The paper computes the neutralino relic density in the mSUGRA framework by including all $2\rightarrow2$ annihilations and co-annihilations, with relativistic thermal averaging implemented via the Gondolo–Gelmini formalism. Sparticle spectra are generated with ISAJET and matrix elements with CompHEP, and the relic density is obtained by solving the Boltzmann equation with a three-dimensional Monte Carlo integration to handle resonances and co-annihilation channels.
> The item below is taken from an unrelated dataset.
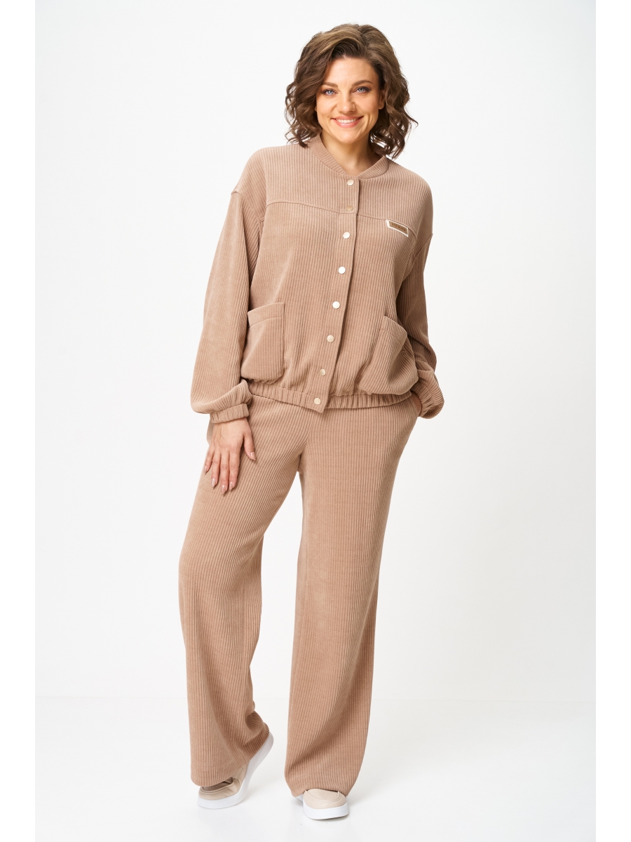 Стильный женский костюм, выполнен из трикотажного полотна в рубчик.

The study finds that co-annihilations matter mainly at parameter-space edges, while at large $\tan\beta$ broad $A/H$ Higgs resonances create wide, low-$\Omega h^2$ corridors across substantial regions of parameter space, yielding $0.1<\Omega_{\tilde Z_1} h^2<0.3$ with relatively little fine-tuning in region (iv). The results are then contrasted with collider reach projections (LEP2, Tevatron, LHC, NLC), illustrating how cosmologically favored regions intersect with current and future experimental capabilities and highlighting the practical significance for guiding SUSY searches at high-energy colliders.

Abstract

We evaluate the relic density of neutralinos in the minimal supergravity (mSUGRA) model. All 2-->2 neutralino annihilation diagrams, as well as all processes involving sleptons, charginos, neutralinos and third generation squarks are included. Relativistic thermal averaging of the velocity times cross sections is performed. We find that co-annihilation effects are only important on the edges of the model parameter space, where some amount of fine-tuning is necessary to obtain a reasonable relic density. Alternatively, at high tan(beta), annihilation through very broad Higgs resonances gives rise to an acceptable neutralino relic density over broad regions of parameter space where little or no fine-tuning is needed. Finally, we compare our results against the reach of various e+e- and hadron colliders for supersymmetric matter.